As I prepared my Shabbat food on Friday, I really appreciated the meat I was able to buy and prepare with such ease, the olive oil I was able to drizzle on my fresh vegetables (oil became completely unavailable at any price in the North Korea in the late 90's), the oven I was able to just turn on with the flick of a wrist.

Here is a link to the author's upcoming book.


Leora said...

Reminds me of the starvation period my grandmother survived in the 1920s in Russia.

How will they ever get rid of their awful government?

Anonymous said...

I actually did know about this. My father mentioned it many times while talking about the dictator that controls North Korea. But your mentioning it brings the horror of the human side of it to light.

David_on_the_Lake said...

I find North Korea to be so morbidly fascinating.
People have no clue what's going on there. It's amazing that in 2009 there's a world entirely cut off from the rest of the world. Millions of people living under the worst oppression.
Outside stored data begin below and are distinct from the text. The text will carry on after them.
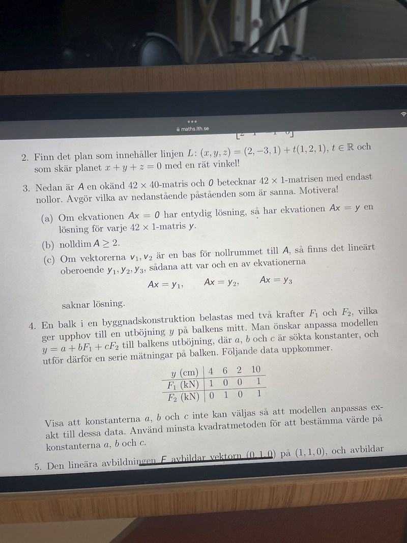 Jag vet det. Så om vi är på exemplet i bilden är alltså rang A = 38. Då kan man skapa 4 linjärt oberoende vektorer till (vi är ju i R^42). Alltså är påståendet sant. Men om vi tänker djupare på det är exemplet i R^3 ovan enklare. Då är värderummet en linje. Jag försöker rita upp det, men det känns som att jag kan skapa fler är 2 linjärt oberoende vektorer som inte är på linjen.
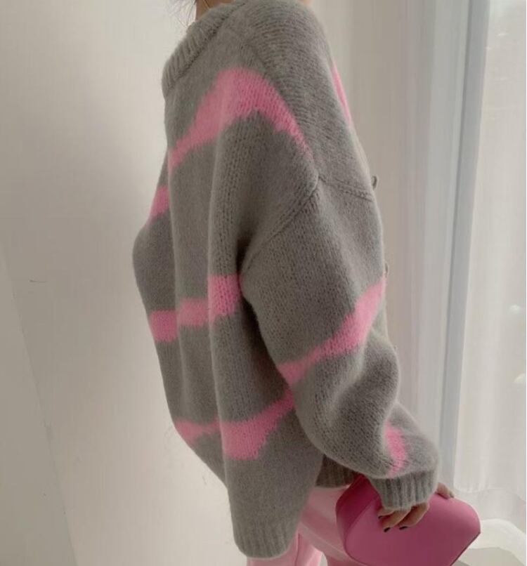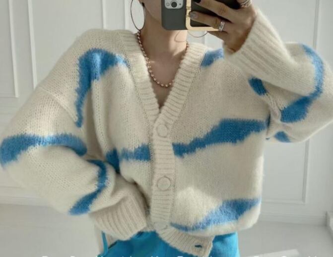 【outer】気質溢れる♪4色Vネック長袖秋配色着回しニットゆったりカーディガンW0517
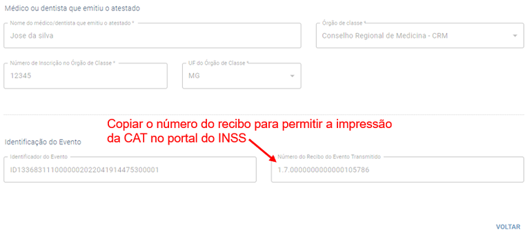 Indicativo de erro no preenchimento dos campos. O usuário deverá corrigir as informações prestadas de acordo com as orientações da mensagem apresentada:
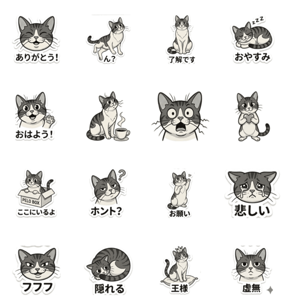 | スタンプ説明 | 保護ネコのキジシロ、ペロちゃんの日常使いスタンプ |
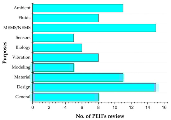 Safaei et al. [] presented a comprehensive review of energy harvesting using piezoelectric materials from 2008 to 2018. The authors discussed various piezoelectric materials, their properties, various piezoelectric energy harvesting methods and designs, energy conditioning circuits, their energy generation capability, and the applications of PEH’s. The authors comprehensibly discussed various PEH’s such as piezoelectric beam harvesters, piezoelectric transducer configurations, nonlinear and broadband piezoelectric harvester designs, piezoelectric-MEMS energy harvesting designs, energy harvesters based on meta-material and meta-structure, windmill-style PEH’s, flutter-style PEH’s, piezoelectric devices for liquid flow energy harvesting, wearable PEH’s, implantable PEH’s, PEH’s from animals, PEH designed for infrastructure, PEH designs for energy harvesting from vehicles, multifunctional piezoelectric energy harvesting systems, multi-source energy harvesters, and alternative PEH’s.
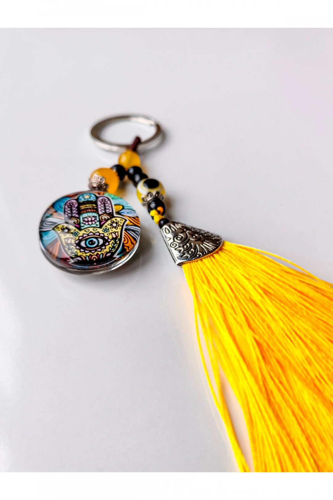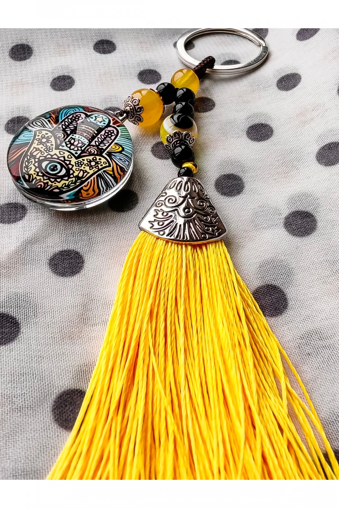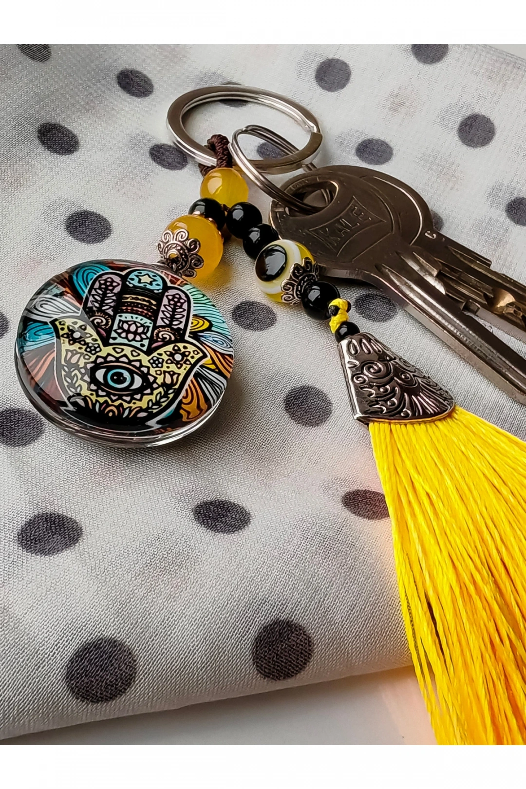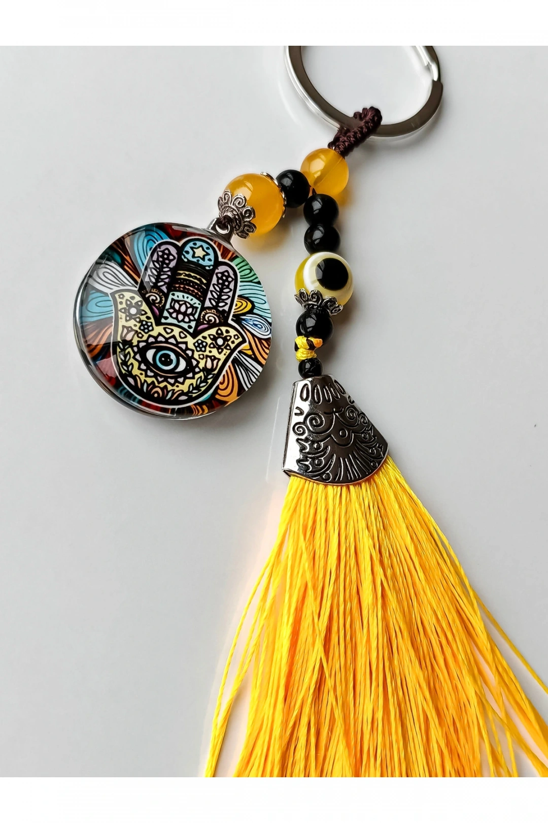 Fatımanın Eli Cam Boncuklu ve Sarı Püsküllü Anahtarlık.
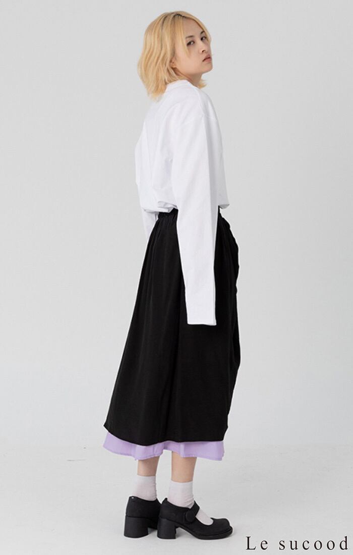 1枚でお洒落なレイヤードスタイルが楽しめるスカートです。
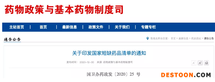 12月29日,國家衛(wèi)健委發(fā)布《關(guān)于印發(fā)國家短缺藥品清單的通知》并同時(shí)發(fā)布“國家短缺藥品清單”和“國家臨床必需易短缺藥品重點(diǎn)監(jiān)測清單”。
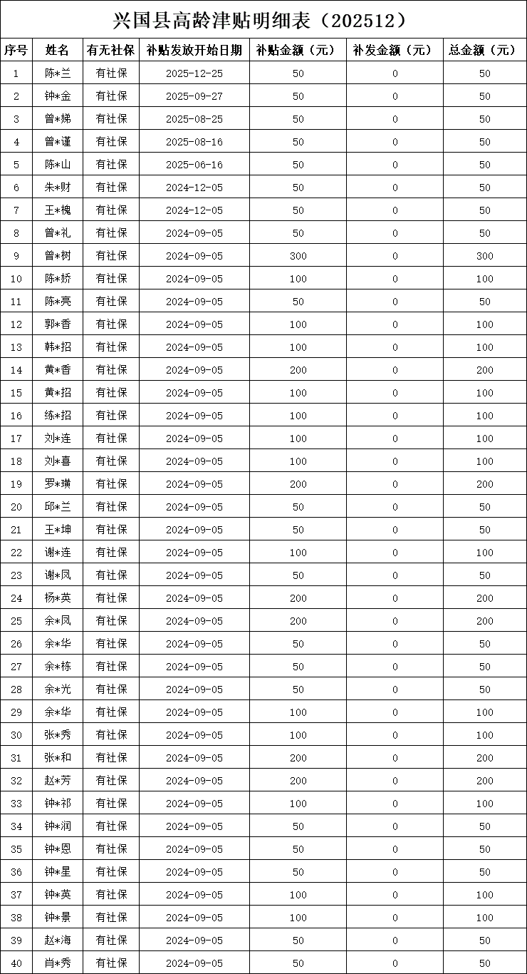 牛逕村2025年12月高齡現(xiàn)存明細表

But the fanatic loyalty they have for "The Dear Leader" is reminiscent of Stalinist times.

Commenter Abbi said...

Leora: I have no idea how they will get rid of their government, it seems really hopeless.

Anon: I'm glad I was able to humanize such a sad situation.

David: I think they are the last Stalinist Communist government, which is why it's so familiar. I agree, it is morbidly fascinating. I'm glad that woman was able to get out and realize starving wasn't her fault!

Upper West Side Mom said...

I too am morbidly fascinated by North Korea. As you know the North Koreans are severely malnourished. I remember reading an article that wrote of North Koreans who tried to illegally emigrate to China. The Chinese government was able to pick out the North Koreans from the general Chinese population and deport them because they were considerably shorter due to life long malnutrition.